MegaETH provides two ways to debug transactions:

1. **`debug_*` RPC methods** — trace transactions via JSON-RPC
2. **`mega-evme`** — replay or simulate transactions locally with full tracing

## Debug RPC Methods

Standard Ethereum debug methods are available on the public MegaETH RPC endpoint (`https://mainnet.megaeth.com/rpc`) and through managed RPC providers such as [Alchemy](https://www.alchemy.com/).

The following methods are supported:

* **`debug_traceTransaction`** — trace an already-mined transaction by hash
* **`debug_traceCall`** — simulate and trace a call without broadcasting
* **`debug_traceBlockByNumber`** / **`debug_traceBlockByHash`** — trace all transactions in a block

### Supported Tracers

| Tracer                  | `tracer` value          | Description                                                                  |
| ----------------------- | ----------------------- | ---------------------------------------------------------------------------- |
| Default (struct logger) | *(omit `tracer` field)* | Opcode-level trace with gas, stack, memory, and storage at each step         |
| callTracer              | `"callTracer"`          | Nested call tree with inputs, outputs, and gas usage per call                |
| prestateTracer          | `"prestateTracer"`      | Account state before execution; set `"diffMode": true` for before/after diff |
| flatCallTracer          | `"flatCallTracer"`      | Parity-style flat list of all calls                                          |

{% hint style="info" %}
JavaScript tracers are not supported.
{% endhint %}

For method parameters, tracer configuration options, and response formats, see the [geth debug namespace documentation](https://geth.ethereum.org/docs/interacting-with-geth/rpc/ns-debug) and [built-in tracers reference](https://geth.ethereum.org/docs/developers/evm-tracing/built-in-tracers).

## Using mega-evme

[`mega-evme`](https://docs.megaeth.com/mega-evme) is a local CLI tool that uses the open-source [MegaEVM](https://github.com/megaeth-labs/mega-evm) implementation. It can perfectly simulate any transaction's behavior on MegaETH, including storage gas, compute gas caps, and resource limits.

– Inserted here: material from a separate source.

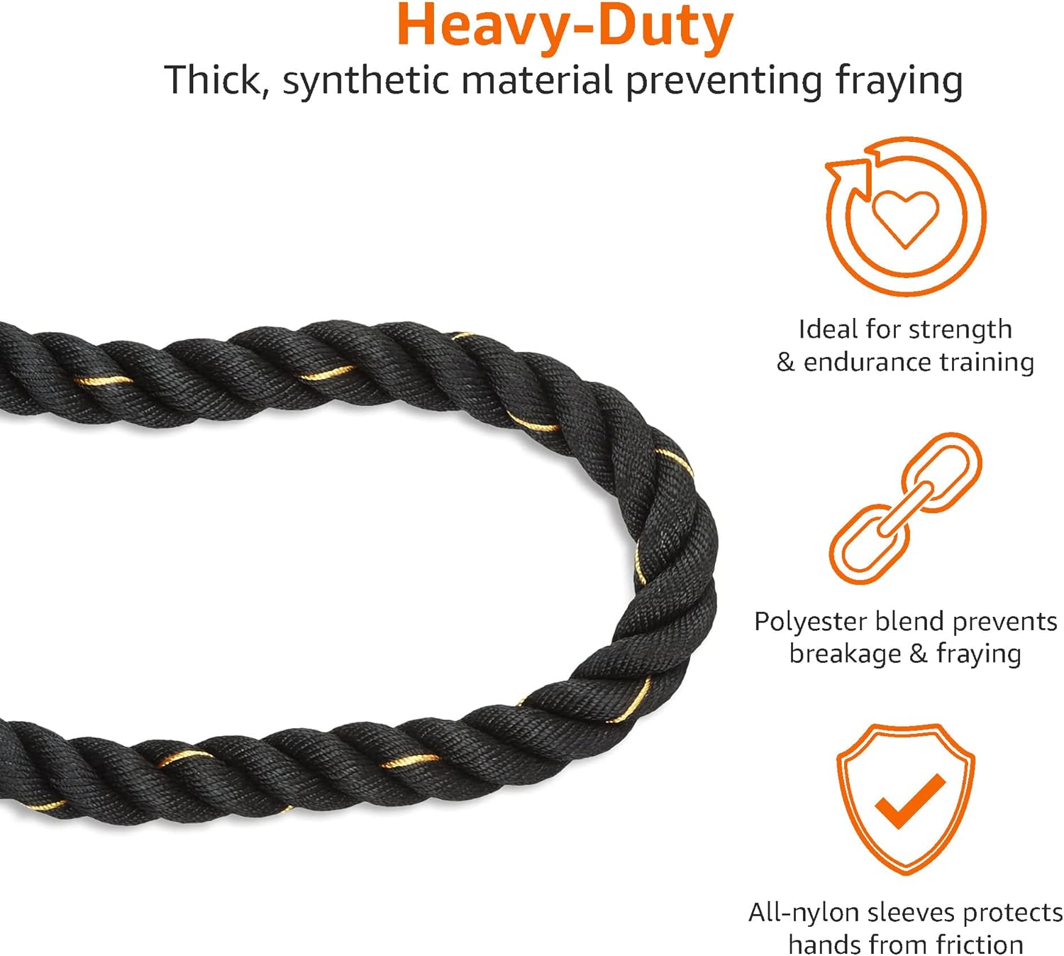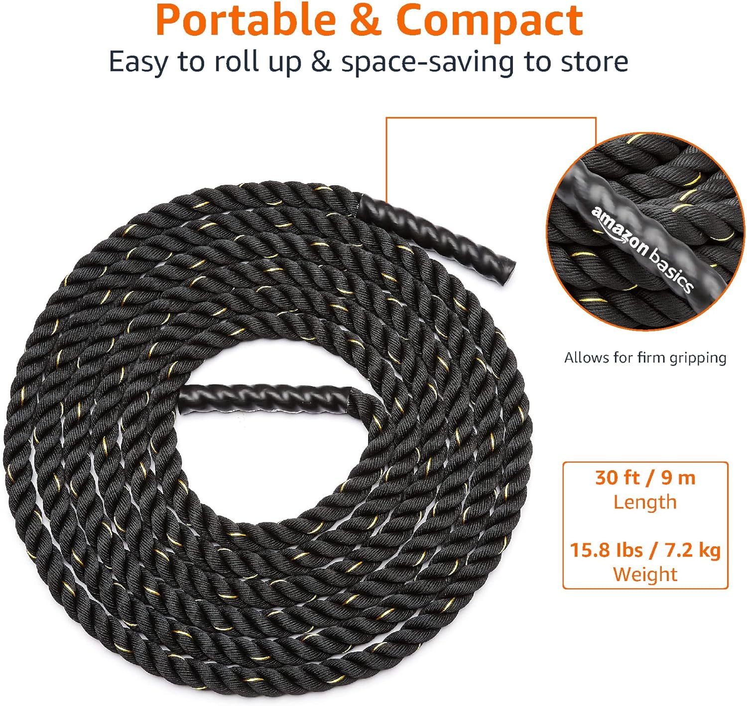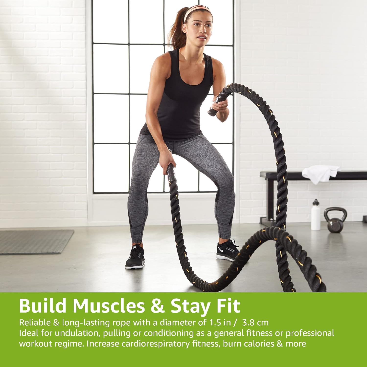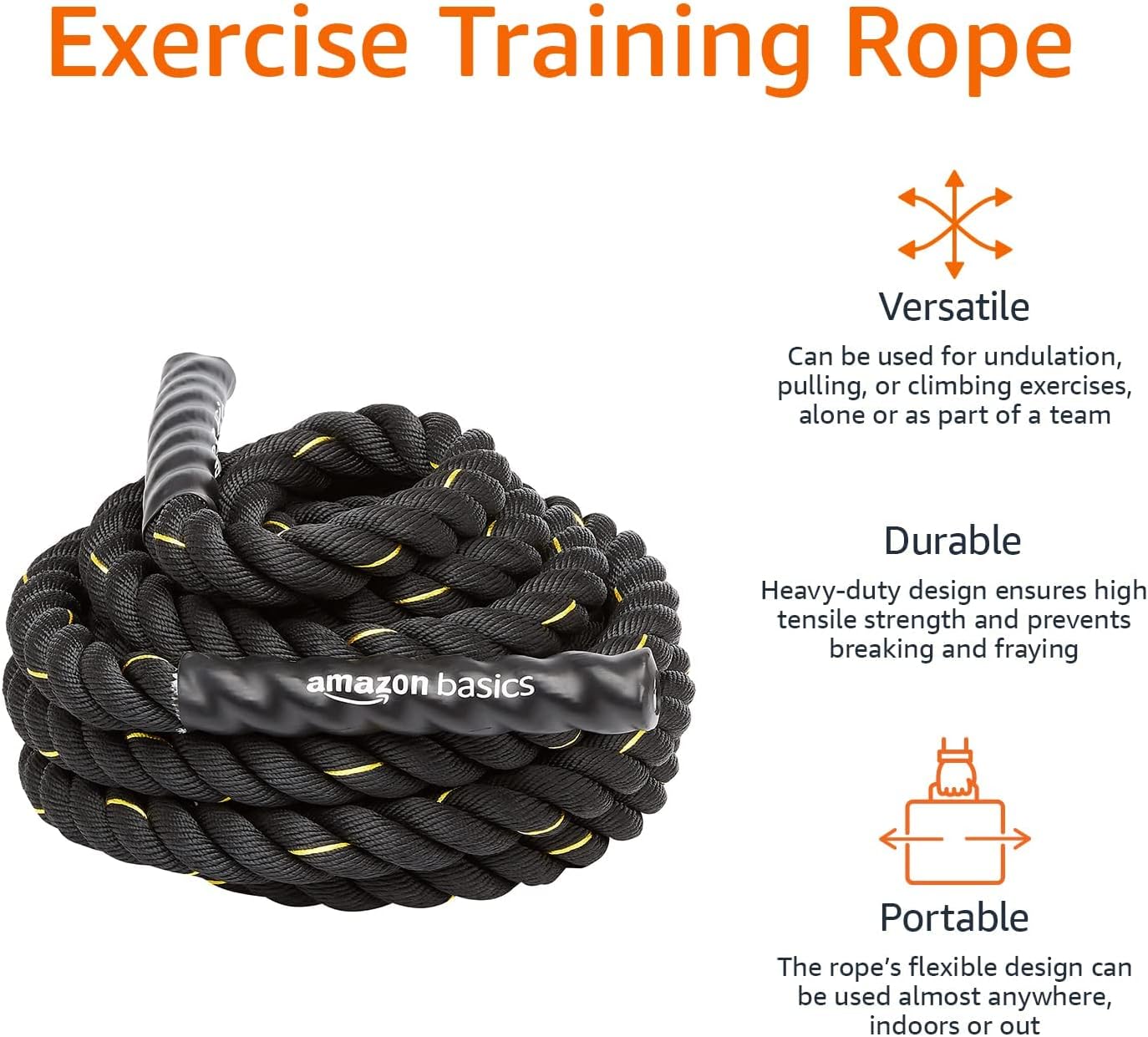 Take your strength, endurance, and full-body training to the next level with the Amazon Basics Heavy Exercise Training Workout Battle Rope, designed for safe, versatile, and effective home or gym workouts. Perfect for building upper-body strength, core stability, and cardiovascular fitness, this battle rope is ideal for high-intensity interval training (HIIT), conditioning, and functional training.

Use `mega-evme` when you want full local control over tracing, deterministic replay, or what-if analysis with transaction overrides.

### Installation

```bash
git clone https://github.com/megaeth-labs/mega-evm.git
cd mega-evm
cargo build --release -p mega-evme
# Binary: target/release/mega-evme
```

### Replaying an On-Chain Transaction

Replay a transaction by its hash to see exactly what happened during execution:

```bash
mega-evme replay 0xYourTxHash \
  --rpc https://mainnet.megaeth.com/rpc \
  --trace \
  --tracer opcode
```

Use the **call tracer** for a higher-level view of the call tree:

```bash
mega-evme replay 0xYourTxHash \
  --rpc https://mainnet.megaeth.com/rpc \
  --trace \
  --tracer call \
  --trace.call.with-log
```

Use the **pre-state diff** to see exactly which storage slots and balances changed:

```bash
mega-evme replay 0xYourTxHash \
  --rpc https://mainnet.megaeth.com/rpc \
  --trace \
  --tracer pre-state \
  --trace.prestate.diff-mode
```

Save the trace to a file for later analysis:

```bash
mega-evme replay 0xYourTxHash \
  --rpc https://mainnet.megaeth.com/rpc \
  --trace \
  --tracer opcode \
  --trace.output trace.json
```

#### "What-if" Replay

Override transaction fields to test alternative scenarios without rebroadcasting:

```bash
# Replay with a higher gas limit
mega-evme replay 0xYourTxHash \
  --rpc https://mainnet.megaeth.com/rpc \
  --override.gas-limit 50000000 \
  --trace

# Replay with different calldata
mega-evme replay 0xYourTxHash \
  --rpc https://mainnet.megaeth.com/rpc \
  --override.input 0xNewCalldata \
  --trace
```

### Simulating a New Transaction

Simulate a transaction against live chain state by forking from an RPC endpoint:

```bash
mega-evme tx \
  --fork \
  --rpc https://mainnet.megaeth.com/rpc \
  --receiver 0xContractAddress \
  --input 0xCalldata \
  --sender 0xYourAddress \
  --trace \
  --tracer call
```

Fork from a specific block:

```bash
mega-evme tx \
  --fork \
  --rpc https://mainnet.megaeth.com/rpc \
  --fork.block 12345678 \
  --receiver 0xContractAddress \
  --input 0xCalldata \
  --trace
```

### Tracers

`mega-evme` supports three tracers, each giving a different level of detail. Pass `--tracer <type>` along with `--trace` to select one.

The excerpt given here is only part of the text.